■ TASK ■
Copy exactly the lines from the beginning of the data down to and including the line holding "Das Grundstück umfasst", without any pictures.

■ DATA BLOCK ■
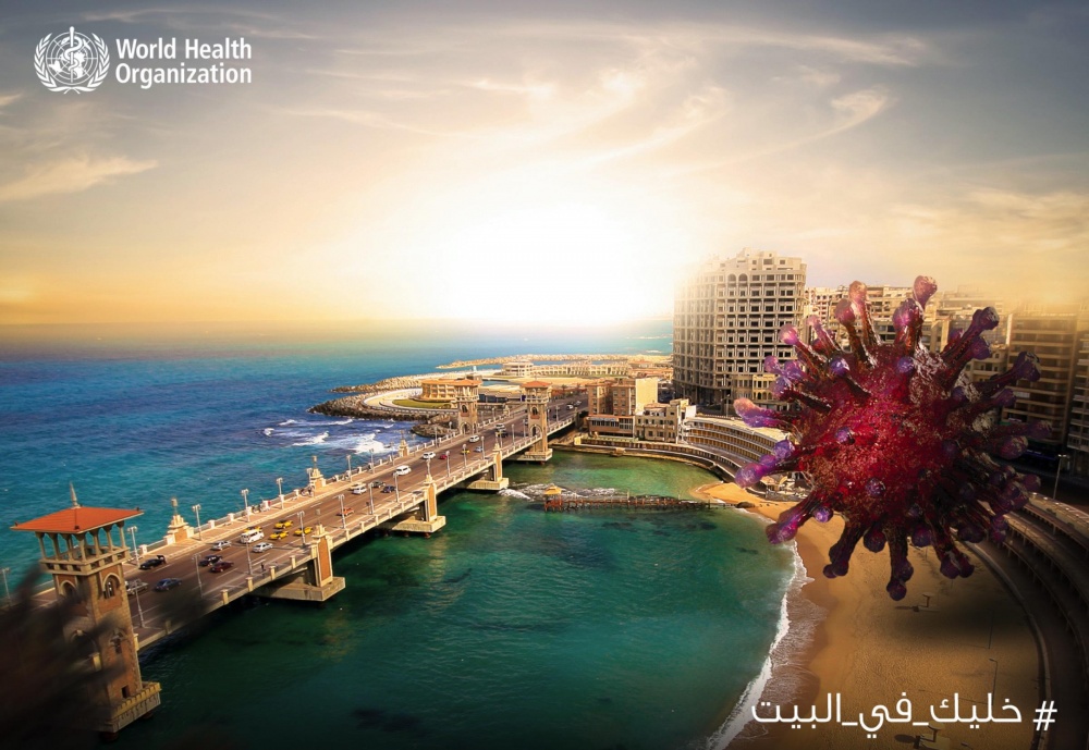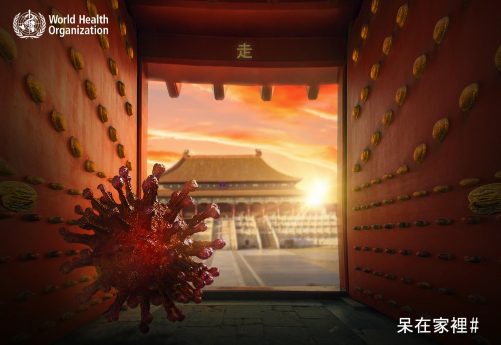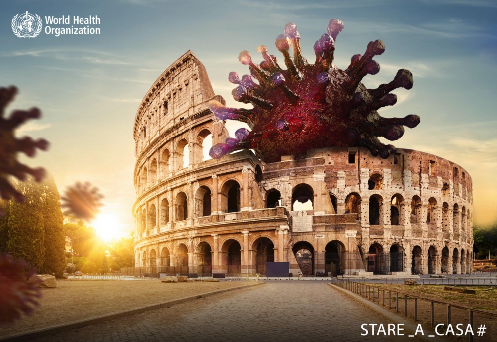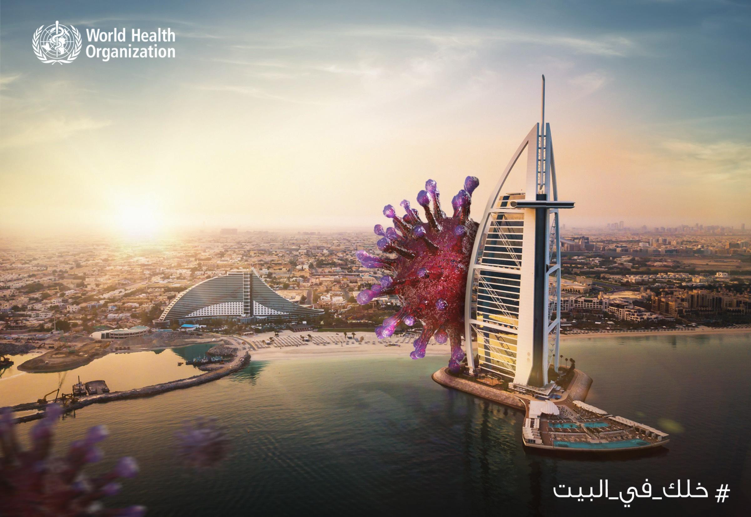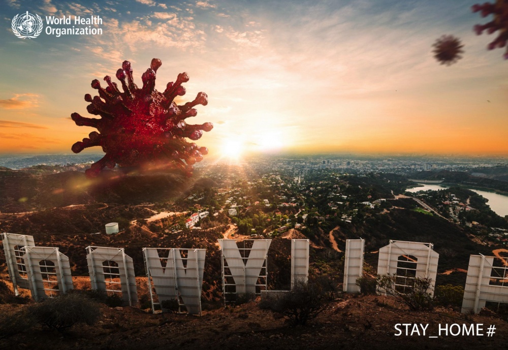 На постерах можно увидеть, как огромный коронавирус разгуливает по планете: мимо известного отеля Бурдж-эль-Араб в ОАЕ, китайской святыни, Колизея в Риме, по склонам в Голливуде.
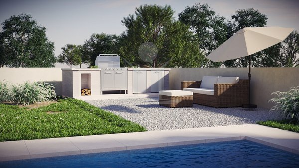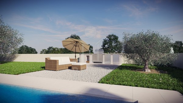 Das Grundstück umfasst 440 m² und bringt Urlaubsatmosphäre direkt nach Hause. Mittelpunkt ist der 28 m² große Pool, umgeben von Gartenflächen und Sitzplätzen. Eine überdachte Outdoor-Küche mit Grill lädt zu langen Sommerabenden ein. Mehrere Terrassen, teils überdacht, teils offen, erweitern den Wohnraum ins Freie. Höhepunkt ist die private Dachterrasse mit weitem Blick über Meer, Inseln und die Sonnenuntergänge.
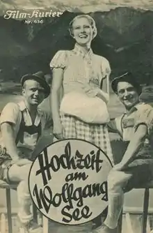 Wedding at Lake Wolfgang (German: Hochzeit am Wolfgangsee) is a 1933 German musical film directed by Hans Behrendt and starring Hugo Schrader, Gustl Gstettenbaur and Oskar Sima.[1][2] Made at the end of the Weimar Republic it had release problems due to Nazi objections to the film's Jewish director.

■ ANSWER SPACE ■
 На постерах можно увидеть, как огромный коронавирус разгуливает по планете: мимо известного отеля Бурдж-эль-Араб в ОАЕ, китайской святыни, Колизея в Риме, по склонам в Голливуде.
 Das Grundstück umfasst 440 m² und bringt Urlaubsatmosphäre direkt nach Hause. Mittelpunkt ist der 28 m² große Pool, umgeben von Gartenflächen und Sitzplätzen. Eine überdachte Outdoor-Küche mit Grill lädt zu langen Sommerabenden ein. Mehrere Terrassen, teils überdacht, teils offen, erweitern den Wohnraum ins Freie. Höhepunkt ist die private Dachterrasse mit weitem Blick über Meer, Inseln und die Sonnenuntergänge.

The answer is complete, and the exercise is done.